What you outline is not unlike that which is working in other nations. And they are beginning to leave Americans in the chalk dust.
Why we ever allowed a fine Trade School System as once existed in the Seattle area to be turned into community colleges, I'll never know. But one by one these schools closed or morphed into what I call extended high school.
Of course Trade Schools do need something called Trades in order to justify their existence. How can we turn out thousands of blue collar skilled tradespersons into a jobless nation? Perhaps instead of a certificate of graduation we could present them with a one way ticket to India? Or wherever trades jobs are happening.
So now we also have to fix our sagging manufacturing and industrial businesses.
And at the same time, and perhaps just as important in this new American Education, is our approach to education itself.

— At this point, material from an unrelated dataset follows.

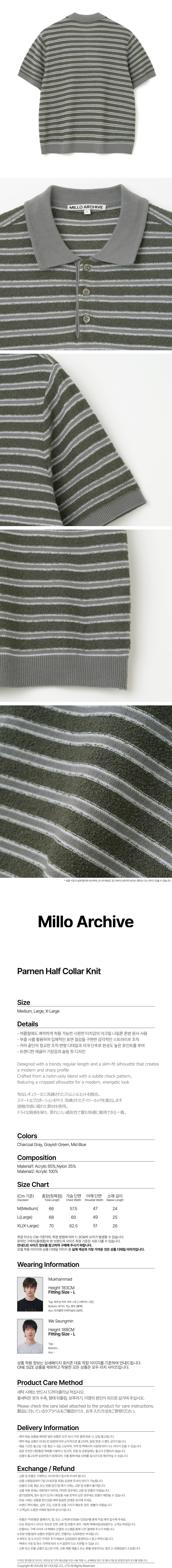 밀로 아카이브 파르넨 하프 카라 니트 그레이쉬 그린

Ann touched on this in talking about how she would structure this new system. But I believe that we must train our teachers to be honest evaluators and insightful advisors and guidance counselors. These new teachers must break from the traditional patterns of teaching children that education is a pyramid with the few very bright children climbing up through college to the top of the heap. A PHD or at the very least a Masters is the sign of having won a brass ring. The rest of the young, the vast majority, are seen as ho hum losers and ne'er do wells.
Rather than do the hard work of finding a place for their skills and talents and directing them toward success, our lack of skills as teachers pushes them into believing that they are failures and rejects. And then we go about wondering why our inner cities are crumbling into war zones?
It's time to stop blaming the victims and come up to the line and take responsibility and roll up our sleeves and care enough about our fellow Americans to do the hard work.